Europe28: one Europe, one Market

In today’s geopolitical landscape, marked by growing competition among major economic blocs, Europe’s priority must be to strengthen its own economic base by completing the Single Market. Only by fully leveraging the scale of its 450 million consumers can the EU remain a relevant global actor, compete effectively, and build the financial and industrial capacity needed in a world where internal economic strength is the foundation of geopolitical influence. Deepening integration in capital, energy and telecommunications requires political courage and difficult trade-offs, yet without tackling these foundational issues, Europe’s growth and sovereignty will remain constrained. 
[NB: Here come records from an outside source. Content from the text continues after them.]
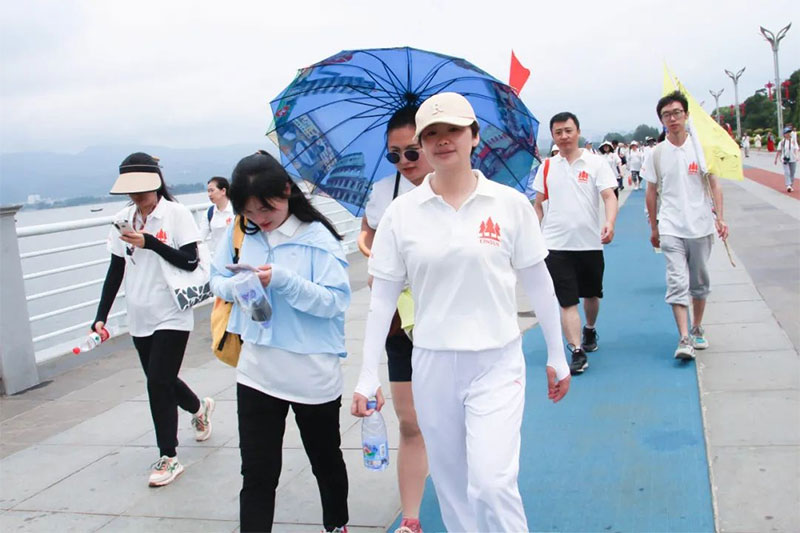 在這段長達15公里的徒步之旅中,大家走過了泥濘小路、石子路、柏油路,頂著悶熱的天氣、即將到來的大雨,然而任何困難都無法阻止我們前進的信念,依舊互相扶持、勉勵,一路上我們共同回憶愛因森教育的奮斗史。那些往昔歲月歷歷在目,這24年的奮斗歷程化為激勵我們前行的力量,不斷鞭笞愛因森人不忘初心使命,互幫互助,全力以赴踏上征途。
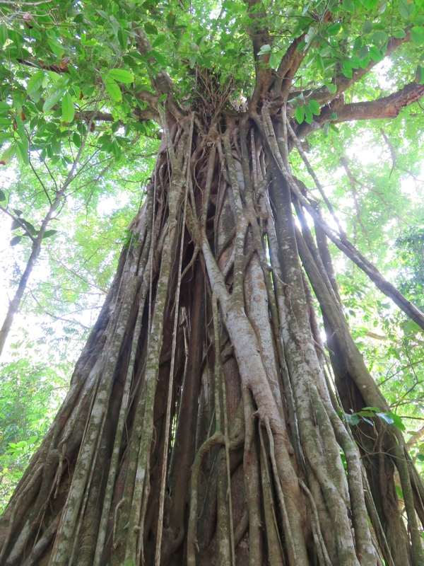 Miške stebina augalų įvairovė, medžių dydis. Užverti galvą, o viršūnės – nematai. Šventu laikomas kapokmedis užauga iki 70 metrų aukščio, išsiskiria didžiulėmis, palei žemę nusidriekiančiomis šaknimis. Džiunglėse auga daugybė fikusų smaugikų. Jų sėklas ant kito medžio gali atnešti koks paukštis, kai sėkla sudygsta, augalas išleidžia orines šaknis, kurios nusileidžia iki žemės ir įsitvirtina. Šaknys pradeda spausti augalą šeimininką, kol šis galiausiai apmiršta. Lieka keistas karkasas iš daugybės orinių šaknų. Tarp jų gyvena įvairūs gyvūnai, gali net žmogus praeiti.
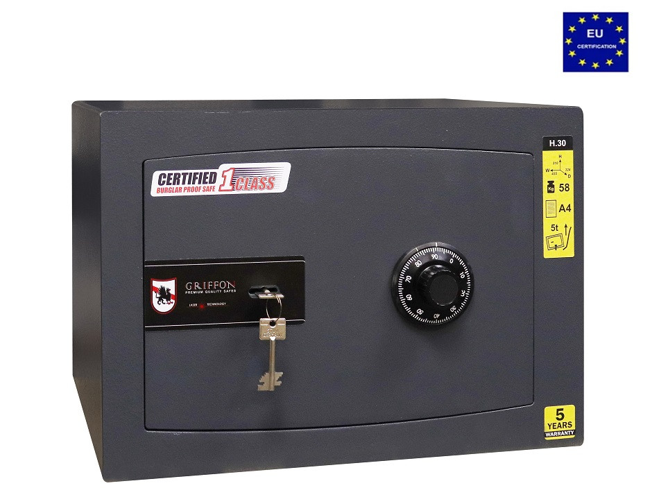Сейф зламостійкий GRIFFON H.30.K.C DARK GREY GRIFFON H.30.K.C — сертифікований зламостійкий сейф, призначений для зберігання й надійного захисту грошей, ювелірних прикрас, цінних паперів, документів від несанкціонованого доступу. Сейф надійно закривається на два типи замка — ключовий і кодовий. Сертифікований по I класу опору до злому EN 1143-1. Захисний шар корпусу — фортифікаційний бетон завтовшки 25 мм. Металеві двері завтовшки 14 мм. Система замикання ригельна система тристоронньої дії (4 хромованих активних обертових ригелі, діаметр ригеля 25 мм). Анкерні вузли для кріплення сейфа до підлоги та стіни. Колір сейфа — темно-сірий (RAL 7016). Зовнішні розміри (висота х ширина х глибина) – 310 x 435 x 324 мм. Внутрішні розміри (висота х ширина х глибина) – 263 x 386 x 242 мм. Вага – 58 кг. Об’єм, л – 25. Кількість полиць – 1 шт. Тип замка – Ключовий сейфовий замок STUV (Німеччина), сертифікат класу VDS 1, механічний кодовий сейфовий замок LaGard (США) класу VDS 1. Тип покриття — порошкове. Гарантия на сейф — 5 років. Гарантія на замок — 1 рік. Виробник – Паритет-К, Україна. Компанія «Паритет-К» — лідер ринку України з виробництва та продажу сейфів і засобів для безпечного зберігання цінностей. З 1992 року компанія виробляє продукцію високої якості для потреб європейського та українського споживача. Якість продукції відповідає високим міжнародним стандартам ISO 9001 Компанія «Парітет-К» — єдиний в Україні серед виробників сейфів і засобів для безпечного зберігання член Асоціації Європейських систем безпеки ESSA. Виробництво та постачання єдиної продукції для ринку Європи й України Продукція проходить сертифікаційні випробування в Європі. Сертифікація продукції відбувається згідно з європейськими стандартами EN 1143-1, EN 14450, EN 15659 У виробництві застосовуються передові технічні та конструкторські рішення власним конструкторським бюро «Парітет-К» має унікальні запатентовані розробки у виробництві сейфів і заввишки банківських сховищ
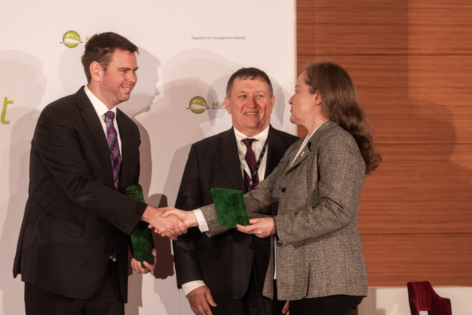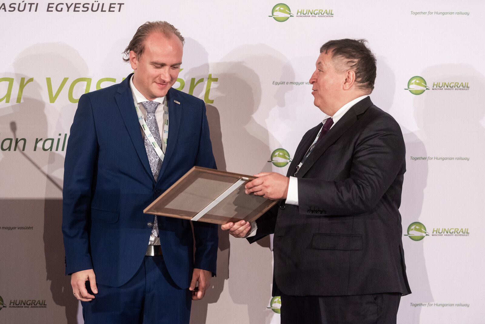 A rendezvény folytatásában átadták a HUNGRAIL tagságról szóló oklevelet Balázs Gáspárnak, az Alstom Transport Hungary Zrt. vezérigazgatójának és Vanya Lászlónak, a V-Híd Cargo Zrt. vezérigazgatójának.
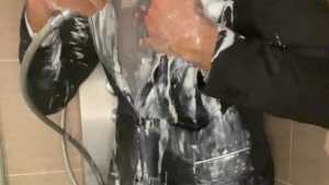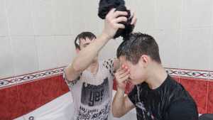 Ruslan continues to please us with his wet look and charge us with kindness and positive! He was dressed in blue jeans, a white T-shirt that enlightened the body when wet, a light blouse on top, socks and sneakers on his feet!
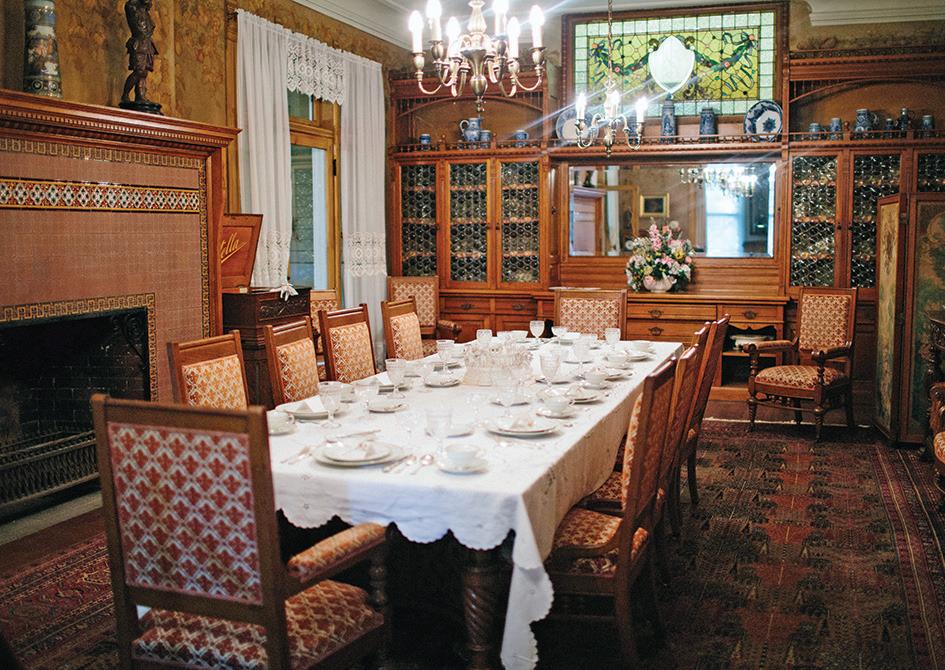The first floor contained the public rooms. A dining room which could seat up to 40 at a time was usually full at meal times as the Seipp family enjoyed sharing their summer home with family and friends. Meals were served in formal style and visitors dressed for dinner. Interesting since the home was built without a kitchen. The kitchen was a separate building where the staff cooked the elaborate meals served in the main home.
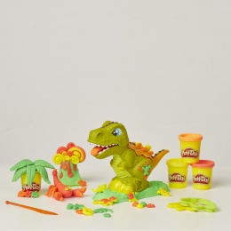 Fantazie bude s tímto veselým dinosaurem přímo vřít! Dinosaurus Rex je připraven ke hře se zábavnými funkcemi, příslušenstvím a 4 kelímky modelíny Play-Doh. Vytvořte jazyk a pusu tím, že naplníte dinosaurova záda modelínou Play-Doh a zatlačíte na ocas, který mimo to aktivuje pohyb čelisti! Pro ještě větší dino-zábavu vytvořte stopy řezačkou a vytlačte Play-Doh lávu přímo ze sopky!
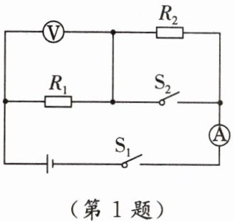 1. 如图所示,电源电压保持不变,闭合开关$S_{1}$、$S_{2}$,电压表示数为6V,电流表示数为0.6A,断开$S_{2}$后,电压表示数变为2V,则$R_{2}$的阻值和电源电压分别是 (
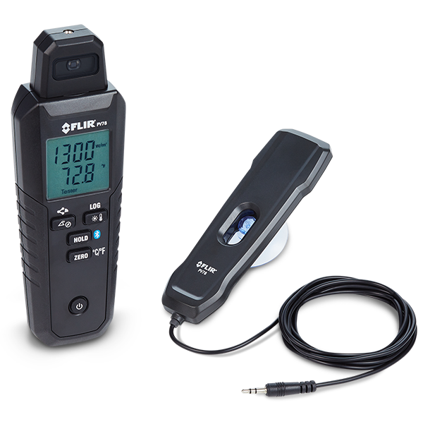 The FLIR PV78 is designed for solar site surveys, panel installation, and maintenance of photovoltaic systems. It allows for instant measurements to determine solar (irradiance in watts per square meter) as required by IEC 62446-1 Electrical Safety of PV installations standard. You can measure temperature by placing the meter directly on the panel or by connecting an external probe for continuous measurements. The device also includes a compass to find the predominant direction and a tilt function to verify the inclination of a roof or panel. With FLIR METERLiNK® Bluetooth® technology, you can wirelessly connect to the METERLiNK app on mobile devices, enabling instantaneous documentation, reporting, and sharing of results from the field.
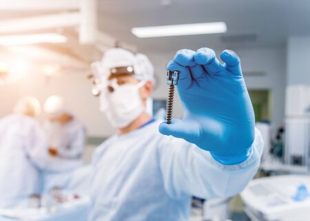 Spinal surgery. Surgeon show polyaxial screw in operating room
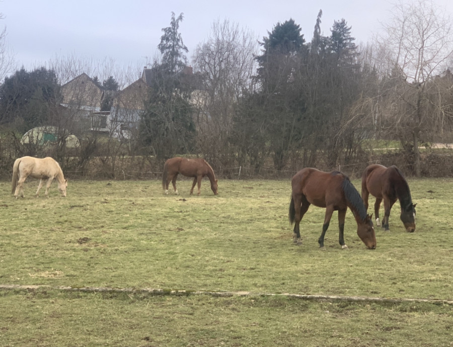 Cachectique mais de retour. . . Contente de revoir la troupe au complet dans mon pré !

The Jacques Delors Friends of Europe Foundation has launched a Coalition of Action to gather business, trade unions, academia, civil society and institutions behind one clear timeline: building momentum and deliverables towards completing the Single Market by 2028. It is building on the recommendations of the Letta report and the commitments of the European Commission towards ‘One Europe-One Market’. The focus is practical and urgent: breaking down the barriers to integrate our underdeveloped and fragmented financial markets, create the opportunity for firms to scale up in Europe and solve its governance issues for a European growth strategy. 

Framed by the Single Market 2028 campaign framework, the Summit will focus on three priority areas: Savings and investments union, a 28th regime and accelerated decision-making. It will define what success looks like for businesses and citizens, while kicking off a European roadshow for the second half of the year. Discussions aim at identifying concrete roadblocks and build momentum for immediate action and will be grounded in data – including citizen insights on expectations for competitiveness, fairness and economic opportunities – to ensure the narrative resonates beyond Brussels.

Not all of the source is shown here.